● **Work task**
Begin at the first line of the data and copy each line through the one containing "压实后变成整齐的一排排的麦片", that line included, with no pictures.
** Supplied data follows **
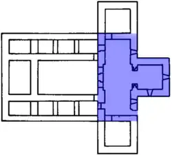 A basic plan of the church. The area shaded in blue still stands and is covered by a modern wooden roof. The non-shaded areas are ruined foundations. (Iñiguez, 1955)[13]
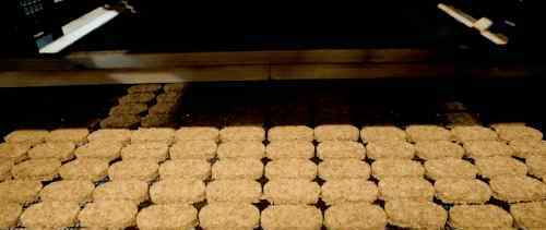 压实后变成整齐的一排排的麦片饼!送烤箱用文火烘干水分,完成制作。之后可以送去包装。
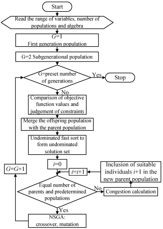 For the above bi-objective optimisation problem, this study adopted the non-dominated sorting genetic algorithm (NSGA-II) [20] with an elite strategy to carry out the optimisation design. The computational flow is shown in Figure 9. First, initial parent populations (G = 1, where G is the number of population generations) were randomly generated within the range of values of the optimisation variables. Then, the parent population generated offspring populations of the same size. The parent and offspring populations were merged to form a population of size 2N. The newly generated population was subjected to non-dominated fast sorting, and the degree of crowding was calculated for all individuals in this population of size 2N. According to the degree of crowding relationship between the individuals and the degree of crowding of the individuals, the appropriate individuals were selected to form a new parent population of size N. The new parent population was then selected by the traditional genetic algorithm (NSGA). Then, the crossover, mutation, etc. of the traditional genetic algorithm (NSGA) was used to generate a child population of size N, which was merged with its parent population. The above non-dominated fast sorting process was repeated until the number of population generations was equal to the preset number of generations.
** End of Supplied data **
● **Exercise response**
 A basic plan of the church. The area shaded in blue still stands and is covered by a modern wooden roof. The non-shaded areas are ruined foundations. (Iñiguez, 1955)[13]
 压实后变成整齐的一排排的麦片饼!送烤箱用文火烘干水分,完成制作。之后可以送去包装。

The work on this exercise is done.